3. Divide the dough into 10-12 equal-sized balls and start working with each ball separately. Place the bowl in dry flour and flatten it a bit with help of finger tips. Heat the tawa, preferably an iron griddle. (Medium flame should be fine) When it’s ready, toast one side of the chapati for roughly 3 seconds or until you see little bubble blisters bulging. Now flip to the other side and press gently with a paper towel. Do not press too hard, this will make the chapati hard.
4. Now, again flip to the other side adding few drops of oil. This should help them fluff up and immediately turn and remove from the griddle.

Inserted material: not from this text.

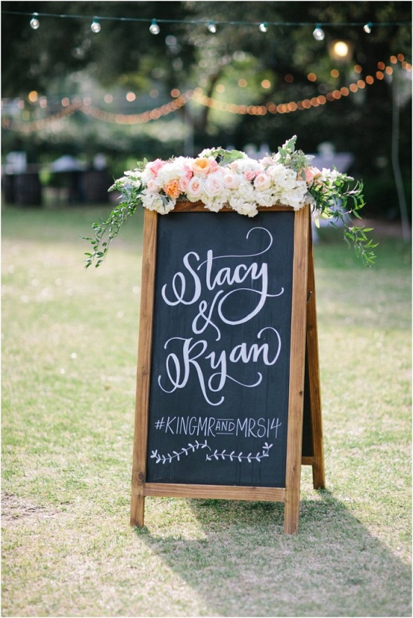 Bình thường mọi người khi tới đám cưới sẽ nhìn thấy cổng hoa đầu tiên. Nhưng, đặt trường hợp bạn tổ chức ở nhà hàng, khách sạn, có thể sẽ có nhiều đám cưới tổ chức cùng lúc, vậy làm sao để khách mời tìm ra được đúng bữa tiệc của bạn? Câu trả lời rất đơn giản, lên ý tưởng trang trí cưới với một bảng hiệu lối vào không chỉ giúp bạn “định vị” tiệc cưới mà còn là một điểm nhấn độc đáo cho tiệc cưới của bạn.

5. You may also add little ghee on top and have it right away. (Just optional). Repeat the process for rest of the dough,
6. Either finish them while hot or stack them after cooling and wrap with a paper towel and store in air-tight containers. Can be refrigerated for few days.
If keeping for longer period store the dough in refrigerator and make sure to bring it back to room temperature before using it.When reheating place them in a plate, cover with a damp paper towel and microwave for few seconds.